Data items:
================

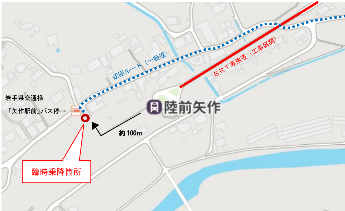
(C) Mapbox (C) OpenStreetMap (C) Yahoo Japan Z17LE 第 1040 号、Z17LE 第 1041 号
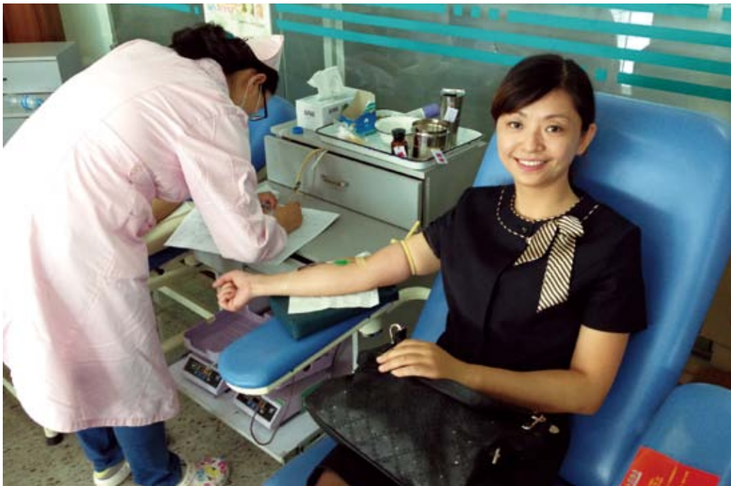
· 江苏银行员工积极参加无偿献血

在投身慈善公益的同时，我行积极调动全员力量，组织志愿者活动，壮大慈善公益力量。2013 年全行累计献血 500 多人次，联合银监部门开展了“弘扬雷锋精神”金融服务进社区活动、环太湖绿色长跑、走入敬老院关爱老人、走进福利院关心智障儿童、关心环卫工人等一系列志愿者活动，全年累计志愿者活动时长达 1087 小时。
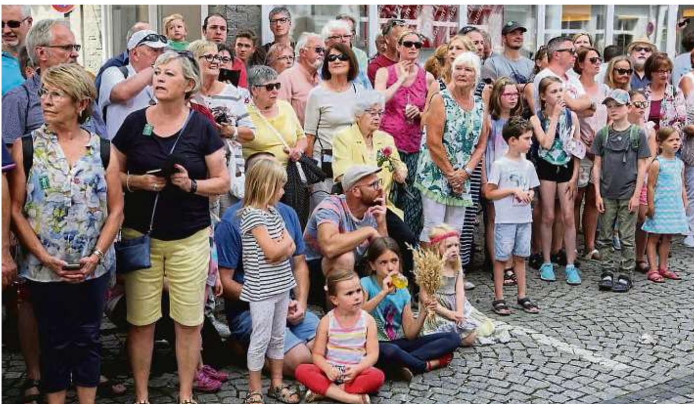
Viele hunderte Besucher aus der ganzen Region kamen zum Geleitszug in Seligenstadt und begutachteten genau die historischen Fußgruppen und Wagen, die durch die Altstadtstraßen zogen.
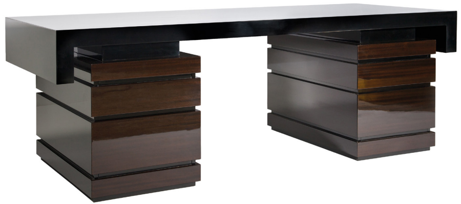
Nagy igénybevételnek kitett felület
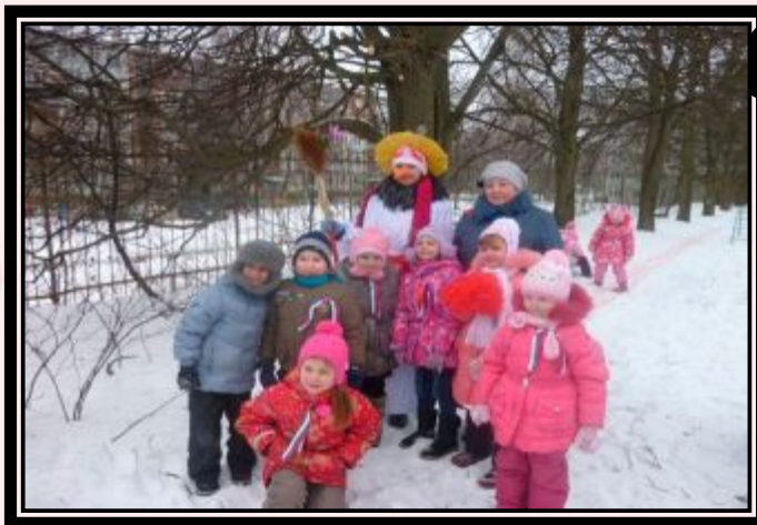
Олимпийские игры в детском саду
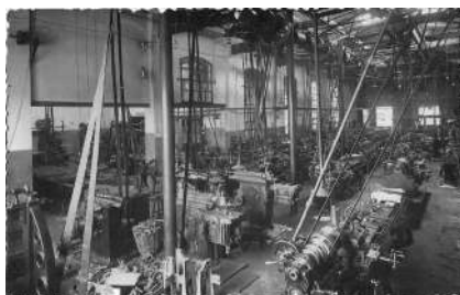
Vista general del taller de mecanitzat. Aquí es construïen les peces de les màquines tèxtils. Les màquines que es veuen són torns i planejadors o antigues fresadores
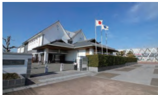
東大阪市民美術センター 大阪府東大阪市吉田6-7-22 TEL.072-964-1313 [HP] https://hos-higashiosaka-art.com
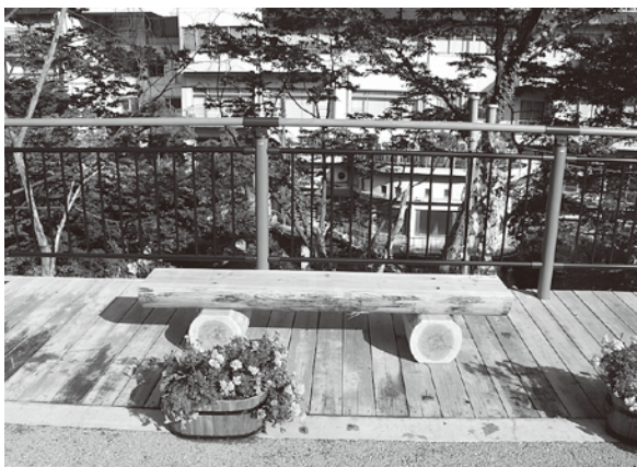
▶設置された木製ベンチ
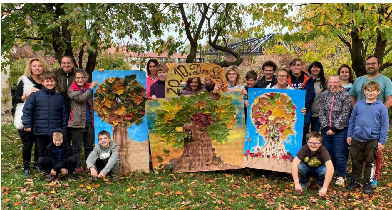
Den stromů, projektový den
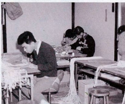
電器部品作業 (福祉作業所かめの会で)

今後、作業所に適した仕事があれば、お願いすることを検討したり、所生の増員等について相談、助言をするなど努力していきたい。
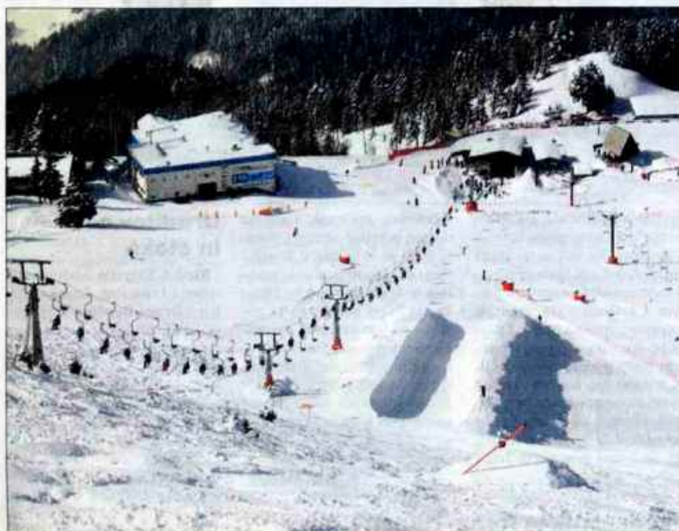
Zimska podoba Krvavca.

V torek se je končno potrdilo dolgo pričakovano ugibanje o tem, ali bodo resnično uspešni upravljavci znanega smučišča Rogla in zdravilišča v Zrečah pod Pohorjem iz Uniorja Turizem prevzeli krmilo tudi na Krvavcu. Kljub temu da je RTC Krvavec nedvomno osrednje smučišče slovenske prestolnice in vsaj za polovico Gorenjske, so ga investicije po pogojih, ki so za tovrstno infrastrukturo v Evropi nepojmljive, ter zaporedje katastrofalno zelenih zim, potisnile na kolena. Ljubljana in Gorenjska pa sta mu obrnili hrbet. (Do)Sedanja lastnica SKB banka, ki je po naravi stvari za to, da "dela" denar, si pravzaprav zasluži priznanje, da ni, podobno kot njeno okolje, vsega skupaj poslala v stečaj in naprave prodala, pač pa po nedvomno težkih iskanjih in pogajanjih našla kupca, ki se na dejavnost spozna in se je pri tem že izkazal. Da so bile resnično raziskane različne možnosti, se kaže spomniti tudi na pogajanja s
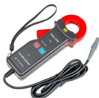
Pinza de medición C-130BE
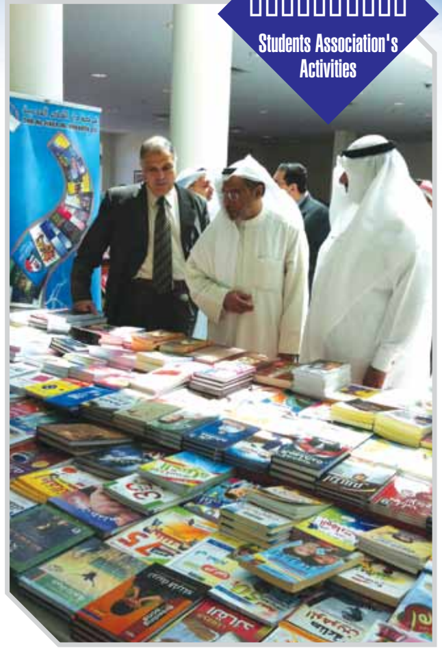
جولة في معرض الكتاب

================

WHAT YOU WILL DO:
In the records above, find the line with "Vista general del" and the line with "Zimska podoba Krvavca.", then restate word for word only those two lines and all lines between, omitting pictures.

YOUR SOLUTION:
Vista general del taller de mecanitzat. Aquí es construïen les peces de les màquines tèxtils. Les màquines que es veuen són torns i planejadors o antigues fresadores
東大阪市民美術センター 大阪府東大阪市吉田6-7-22 TEL.072-964-1313 [HP] https://hos-higashiosaka-art.com
▶設置された木製ベンチ
Den stromů, projektový den
電器部品作業 (福祉作業所かめの会で)

今後、作業所に適した仕事があれば、お願いすることを検討したり、所生の増員等について相談、助言をするなど努力していきたい。
Zimska podoba Krvavca.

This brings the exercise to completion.